Data to examine
_____

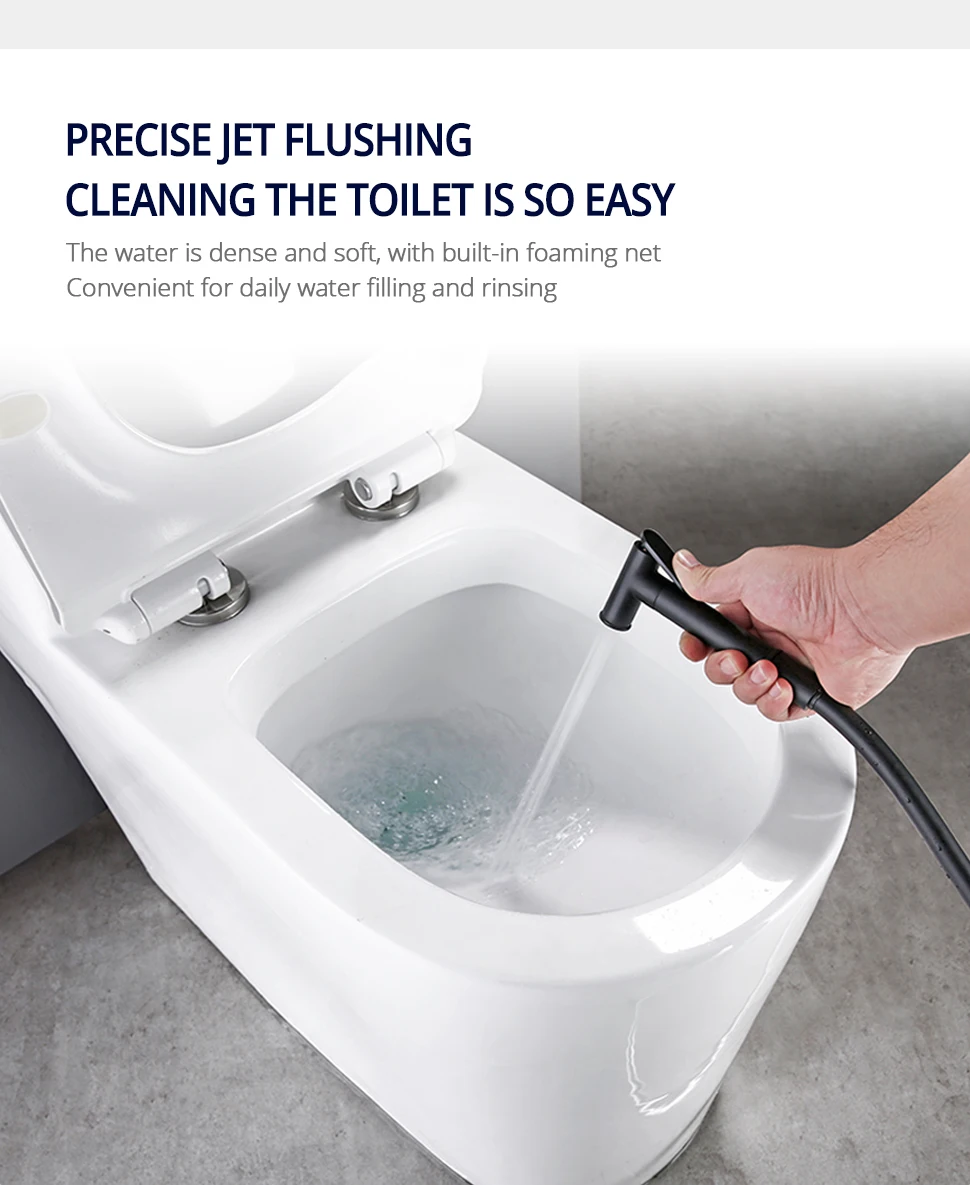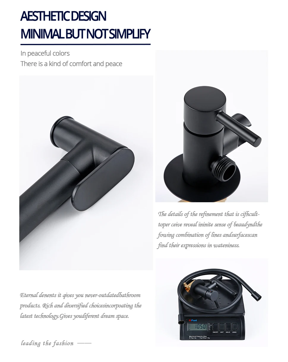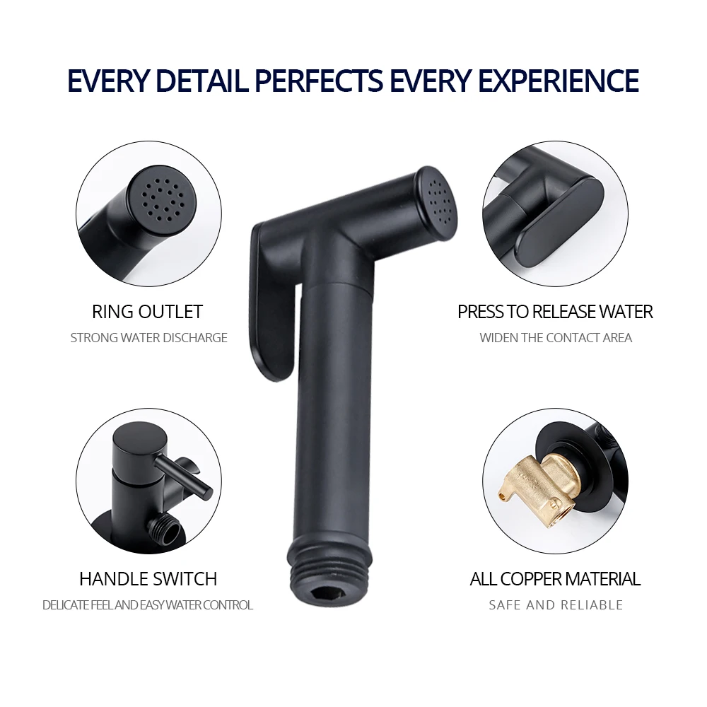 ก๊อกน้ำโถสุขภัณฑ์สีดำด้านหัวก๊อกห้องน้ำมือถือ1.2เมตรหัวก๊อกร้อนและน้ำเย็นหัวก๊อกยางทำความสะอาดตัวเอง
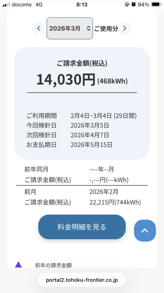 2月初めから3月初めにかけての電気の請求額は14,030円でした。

_____

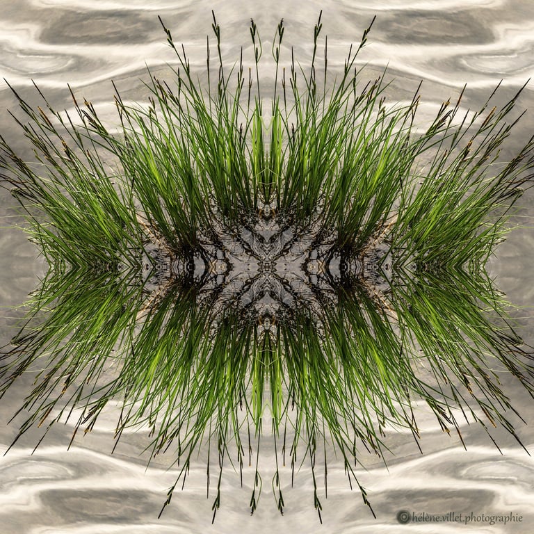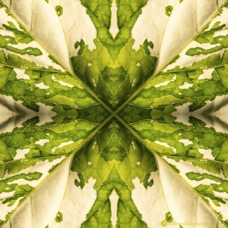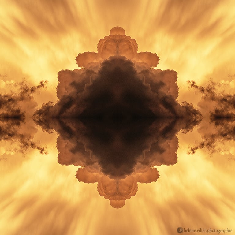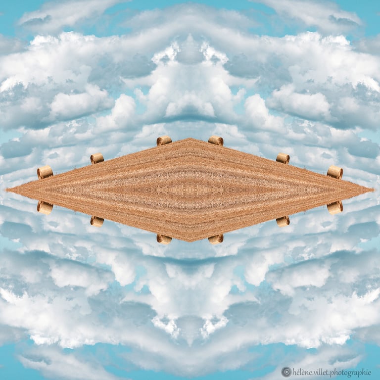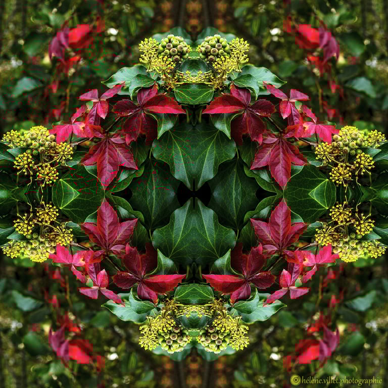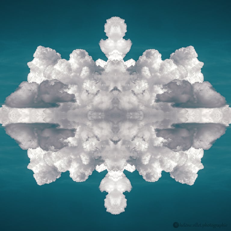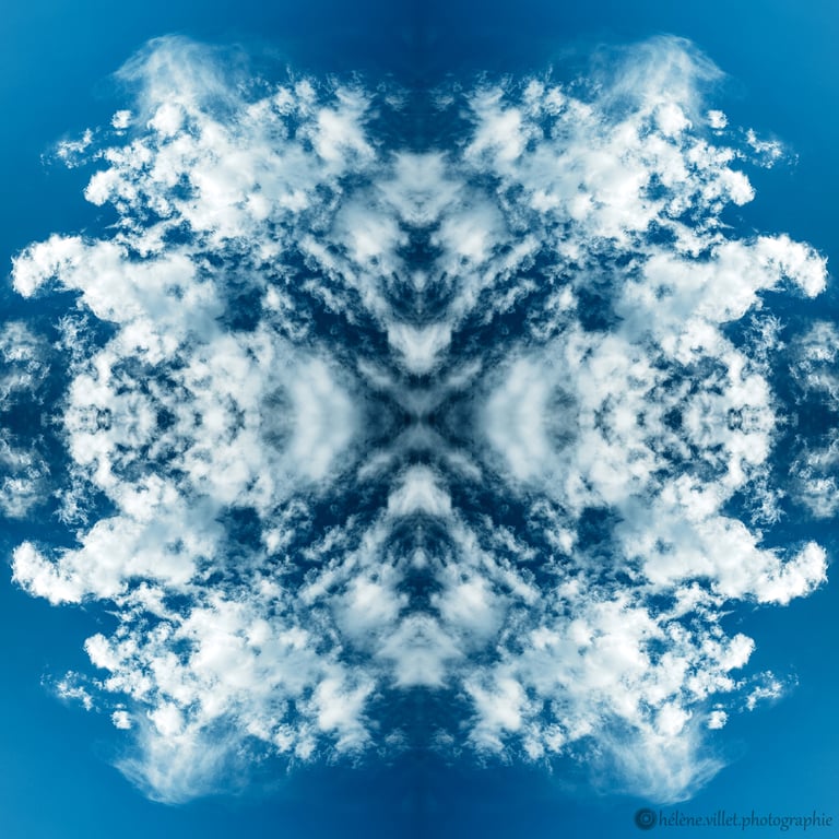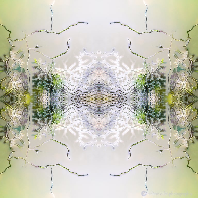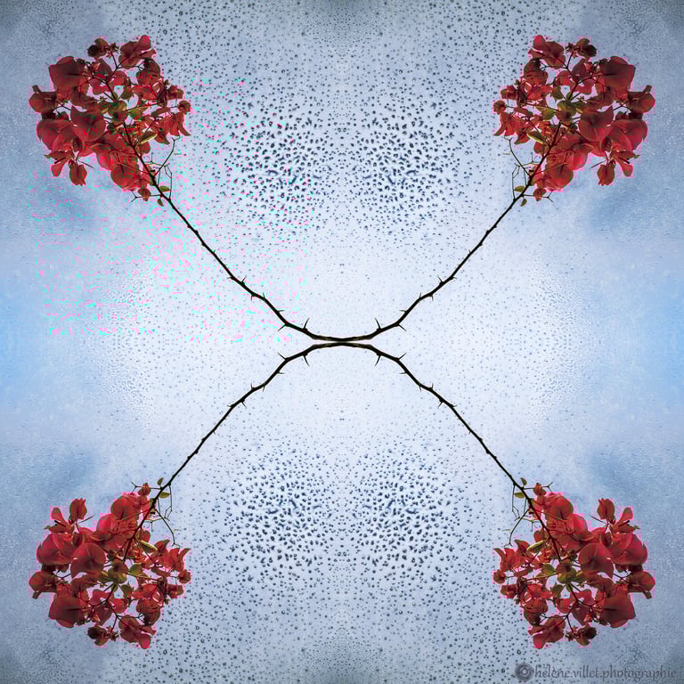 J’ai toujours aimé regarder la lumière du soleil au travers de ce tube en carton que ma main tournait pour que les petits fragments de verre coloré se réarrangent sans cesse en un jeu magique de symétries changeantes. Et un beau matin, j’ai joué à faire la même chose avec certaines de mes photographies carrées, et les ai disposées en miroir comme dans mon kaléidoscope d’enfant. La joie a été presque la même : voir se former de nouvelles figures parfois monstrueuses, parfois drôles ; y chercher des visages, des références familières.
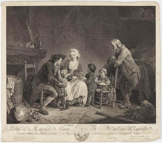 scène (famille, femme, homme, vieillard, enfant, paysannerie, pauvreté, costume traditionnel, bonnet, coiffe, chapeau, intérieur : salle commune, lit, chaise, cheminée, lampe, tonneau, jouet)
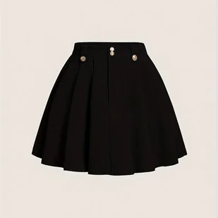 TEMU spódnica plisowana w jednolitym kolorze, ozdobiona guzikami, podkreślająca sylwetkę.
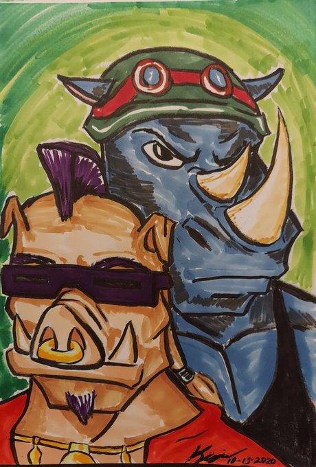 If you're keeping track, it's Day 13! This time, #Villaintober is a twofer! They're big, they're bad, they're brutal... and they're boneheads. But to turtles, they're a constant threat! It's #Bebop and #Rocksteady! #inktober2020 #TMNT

_____

Task instructions
Repeat exactly, and only, the entries from the line with "ก๊อกน้ำโถสุขภั" through the line with "2月初めから3月初めにかけての電気の請求額は14,030円でした。". Pictures are skipped.

Result of this exercise
 ก๊อกน้ำโถสุขภัณฑ์สีดำด้านหัวก๊อกห้องน้ำมือถือ1.2เมตรหัวก๊อกร้อนและน้ำเย็นหัวก๊อกยางทำความสะอาดตัวเอง
 2月初めから3月初めにかけての電気の請求額は14,030円でした。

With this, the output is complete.